Material provided section start

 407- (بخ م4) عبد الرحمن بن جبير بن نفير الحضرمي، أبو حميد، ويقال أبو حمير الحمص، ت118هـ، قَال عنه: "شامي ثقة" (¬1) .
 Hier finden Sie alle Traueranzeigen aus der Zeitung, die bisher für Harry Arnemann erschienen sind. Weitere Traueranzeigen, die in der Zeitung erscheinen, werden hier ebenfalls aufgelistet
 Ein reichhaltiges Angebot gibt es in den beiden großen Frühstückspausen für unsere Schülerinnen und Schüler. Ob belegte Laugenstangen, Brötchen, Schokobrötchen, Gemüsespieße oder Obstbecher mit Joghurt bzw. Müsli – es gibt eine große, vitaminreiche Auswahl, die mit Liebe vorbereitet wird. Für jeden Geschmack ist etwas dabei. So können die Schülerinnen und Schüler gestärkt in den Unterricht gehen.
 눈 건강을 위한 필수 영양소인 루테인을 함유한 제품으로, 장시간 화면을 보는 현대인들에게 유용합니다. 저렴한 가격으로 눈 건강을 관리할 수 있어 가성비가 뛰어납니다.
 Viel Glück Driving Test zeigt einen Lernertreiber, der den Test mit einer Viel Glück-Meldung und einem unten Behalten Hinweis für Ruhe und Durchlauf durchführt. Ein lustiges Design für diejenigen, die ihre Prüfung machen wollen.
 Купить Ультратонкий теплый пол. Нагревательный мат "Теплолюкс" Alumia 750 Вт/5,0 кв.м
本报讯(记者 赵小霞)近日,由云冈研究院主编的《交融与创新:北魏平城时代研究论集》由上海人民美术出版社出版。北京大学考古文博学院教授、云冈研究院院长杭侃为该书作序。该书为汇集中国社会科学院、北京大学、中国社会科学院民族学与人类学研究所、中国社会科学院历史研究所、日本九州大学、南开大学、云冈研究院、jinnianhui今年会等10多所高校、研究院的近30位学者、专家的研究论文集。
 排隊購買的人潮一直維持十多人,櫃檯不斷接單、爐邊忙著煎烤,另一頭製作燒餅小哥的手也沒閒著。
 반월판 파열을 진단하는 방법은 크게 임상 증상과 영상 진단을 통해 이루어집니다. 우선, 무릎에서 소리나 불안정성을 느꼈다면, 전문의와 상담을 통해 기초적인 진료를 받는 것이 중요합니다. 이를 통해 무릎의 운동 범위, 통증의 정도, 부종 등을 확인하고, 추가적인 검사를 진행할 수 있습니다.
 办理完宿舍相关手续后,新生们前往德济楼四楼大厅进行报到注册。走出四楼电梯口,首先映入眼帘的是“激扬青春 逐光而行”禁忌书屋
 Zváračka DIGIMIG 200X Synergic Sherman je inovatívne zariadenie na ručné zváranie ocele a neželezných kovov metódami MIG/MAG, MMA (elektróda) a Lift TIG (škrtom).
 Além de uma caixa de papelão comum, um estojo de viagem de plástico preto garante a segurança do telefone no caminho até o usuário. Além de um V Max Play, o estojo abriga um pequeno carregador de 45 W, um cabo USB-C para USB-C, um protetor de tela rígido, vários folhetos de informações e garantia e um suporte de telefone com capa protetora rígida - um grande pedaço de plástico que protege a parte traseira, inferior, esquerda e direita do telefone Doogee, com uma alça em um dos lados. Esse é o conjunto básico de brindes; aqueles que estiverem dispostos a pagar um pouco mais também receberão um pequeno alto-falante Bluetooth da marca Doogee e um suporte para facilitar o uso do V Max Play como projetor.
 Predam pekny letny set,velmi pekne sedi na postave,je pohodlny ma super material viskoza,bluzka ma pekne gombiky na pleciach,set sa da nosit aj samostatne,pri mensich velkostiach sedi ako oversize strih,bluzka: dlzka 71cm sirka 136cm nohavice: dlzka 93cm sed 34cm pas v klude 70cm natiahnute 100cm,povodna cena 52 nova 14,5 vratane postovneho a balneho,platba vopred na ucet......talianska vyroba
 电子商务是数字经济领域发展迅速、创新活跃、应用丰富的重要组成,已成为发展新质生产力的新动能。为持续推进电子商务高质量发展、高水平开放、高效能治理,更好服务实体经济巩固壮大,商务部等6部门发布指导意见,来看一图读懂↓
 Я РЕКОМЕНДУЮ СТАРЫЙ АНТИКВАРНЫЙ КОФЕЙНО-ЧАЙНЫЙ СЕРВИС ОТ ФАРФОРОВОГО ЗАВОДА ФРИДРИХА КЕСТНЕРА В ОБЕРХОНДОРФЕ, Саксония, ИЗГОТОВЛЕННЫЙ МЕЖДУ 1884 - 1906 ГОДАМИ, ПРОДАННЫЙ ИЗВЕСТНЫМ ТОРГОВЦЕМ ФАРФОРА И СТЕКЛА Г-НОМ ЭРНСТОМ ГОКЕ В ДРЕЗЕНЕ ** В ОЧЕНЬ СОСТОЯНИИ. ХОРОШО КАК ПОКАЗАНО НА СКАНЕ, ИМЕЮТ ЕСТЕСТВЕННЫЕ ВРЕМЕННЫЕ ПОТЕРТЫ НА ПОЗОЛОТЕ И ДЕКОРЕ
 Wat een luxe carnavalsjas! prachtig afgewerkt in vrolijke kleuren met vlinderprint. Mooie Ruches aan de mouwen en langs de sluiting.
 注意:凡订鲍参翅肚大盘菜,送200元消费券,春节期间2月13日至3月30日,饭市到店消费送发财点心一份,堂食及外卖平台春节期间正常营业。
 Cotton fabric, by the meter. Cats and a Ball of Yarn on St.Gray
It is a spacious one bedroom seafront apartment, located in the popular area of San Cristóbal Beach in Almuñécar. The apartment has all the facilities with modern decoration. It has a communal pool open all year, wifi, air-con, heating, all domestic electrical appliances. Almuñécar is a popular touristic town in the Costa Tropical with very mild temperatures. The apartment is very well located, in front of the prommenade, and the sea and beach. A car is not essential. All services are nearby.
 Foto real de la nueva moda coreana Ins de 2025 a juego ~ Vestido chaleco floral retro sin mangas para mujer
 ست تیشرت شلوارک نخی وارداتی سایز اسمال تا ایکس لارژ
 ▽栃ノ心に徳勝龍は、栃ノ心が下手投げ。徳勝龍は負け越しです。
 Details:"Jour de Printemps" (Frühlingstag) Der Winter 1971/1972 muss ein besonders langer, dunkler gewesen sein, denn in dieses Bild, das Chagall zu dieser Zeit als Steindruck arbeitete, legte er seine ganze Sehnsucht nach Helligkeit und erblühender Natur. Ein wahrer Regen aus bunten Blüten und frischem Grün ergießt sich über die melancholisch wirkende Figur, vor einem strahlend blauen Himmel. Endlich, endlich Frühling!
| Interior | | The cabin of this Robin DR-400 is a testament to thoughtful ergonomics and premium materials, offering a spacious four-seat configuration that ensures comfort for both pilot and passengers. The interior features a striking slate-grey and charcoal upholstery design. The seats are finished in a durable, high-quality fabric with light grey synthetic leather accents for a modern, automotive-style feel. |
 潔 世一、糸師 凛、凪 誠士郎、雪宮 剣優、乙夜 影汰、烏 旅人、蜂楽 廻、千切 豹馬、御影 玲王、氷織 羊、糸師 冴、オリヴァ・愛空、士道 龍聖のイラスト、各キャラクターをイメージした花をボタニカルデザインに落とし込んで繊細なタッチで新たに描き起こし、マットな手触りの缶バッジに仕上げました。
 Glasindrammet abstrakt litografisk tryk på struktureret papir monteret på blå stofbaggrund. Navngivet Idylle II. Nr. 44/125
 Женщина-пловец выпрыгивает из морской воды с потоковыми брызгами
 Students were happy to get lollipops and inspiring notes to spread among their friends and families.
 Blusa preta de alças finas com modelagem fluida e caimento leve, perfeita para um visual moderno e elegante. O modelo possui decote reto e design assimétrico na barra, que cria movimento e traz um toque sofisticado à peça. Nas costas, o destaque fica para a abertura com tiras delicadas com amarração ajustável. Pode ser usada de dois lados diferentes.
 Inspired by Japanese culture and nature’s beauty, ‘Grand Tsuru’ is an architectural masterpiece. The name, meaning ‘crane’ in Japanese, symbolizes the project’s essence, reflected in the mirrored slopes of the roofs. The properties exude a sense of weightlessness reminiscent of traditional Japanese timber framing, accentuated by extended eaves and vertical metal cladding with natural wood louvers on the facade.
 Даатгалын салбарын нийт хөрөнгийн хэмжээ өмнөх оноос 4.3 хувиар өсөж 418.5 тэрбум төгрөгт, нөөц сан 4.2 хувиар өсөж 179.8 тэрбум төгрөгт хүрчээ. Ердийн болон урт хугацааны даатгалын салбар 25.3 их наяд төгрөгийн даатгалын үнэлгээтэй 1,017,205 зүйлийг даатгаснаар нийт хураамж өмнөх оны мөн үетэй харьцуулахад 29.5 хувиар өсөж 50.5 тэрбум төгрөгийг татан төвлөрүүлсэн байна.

Material provided section end

### Problem:
Above are the lines; repeat exactly the ones from the line containing "눈 건강을 위한 필수" down to the line containing "办理完宿舍相关手续后,新生们", both inclusive.

### Response:
 눈 건강을 위한 필수 영양소인 루테인을 함유한 제품으로, 장시간 화면을 보는 현대인들에게 유용합니다. 저렴한 가격으로 눈 건강을 관리할 수 있어 가성비가 뛰어납니다.
 Viel Glück Driving Test zeigt einen Lernertreiber, der den Test mit einer Viel Glück-Meldung und einem unten Behalten Hinweis für Ruhe und Durchlauf durchführt. Ein lustiges Design für diejenigen, die ihre Prüfung machen wollen.
 Купить Ультратонкий теплый пол. Нагревательный мат "Теплолюкс" Alumia 750 Вт/5,0 кв.м
本报讯(记者 赵小霞)近日,由云冈研究院主编的《交融与创新:北魏平城时代研究论集》由上海人民美术出版社出版。北京大学考古文博学院教授、云冈研究院院长杭侃为该书作序。该书为汇集中国社会科学院、北京大学、中国社会科学院民族学与人类学研究所、中国社会科学院历史研究所、日本九州大学、南开大学、云冈研究院、jinnianhui今年会等10多所高校、研究院的近30位学者、专家的研究论文集。
 排隊購買的人潮一直維持十多人,櫃檯不斷接單、爐邊忙著煎烤,另一頭製作燒餅小哥的手也沒閒著。
 반월판 파열을 진단하는 방법은 크게 임상 증상과 영상 진단을 통해 이루어집니다. 우선, 무릎에서 소리나 불안정성을 느꼈다면, 전문의와 상담을 통해 기초적인 진료를 받는 것이 중요합니다. 이를 통해 무릎의 운동 범위, 통증의 정도, 부종 등을 확인하고, 추가적인 검사를 진행할 수 있습니다.
 办理完宿舍相关手续后,新生们前往德济楼四楼大厅进行报到注册。走出四楼电梯口,首先映入眼帘的是“激扬青春 逐光而行”禁忌书屋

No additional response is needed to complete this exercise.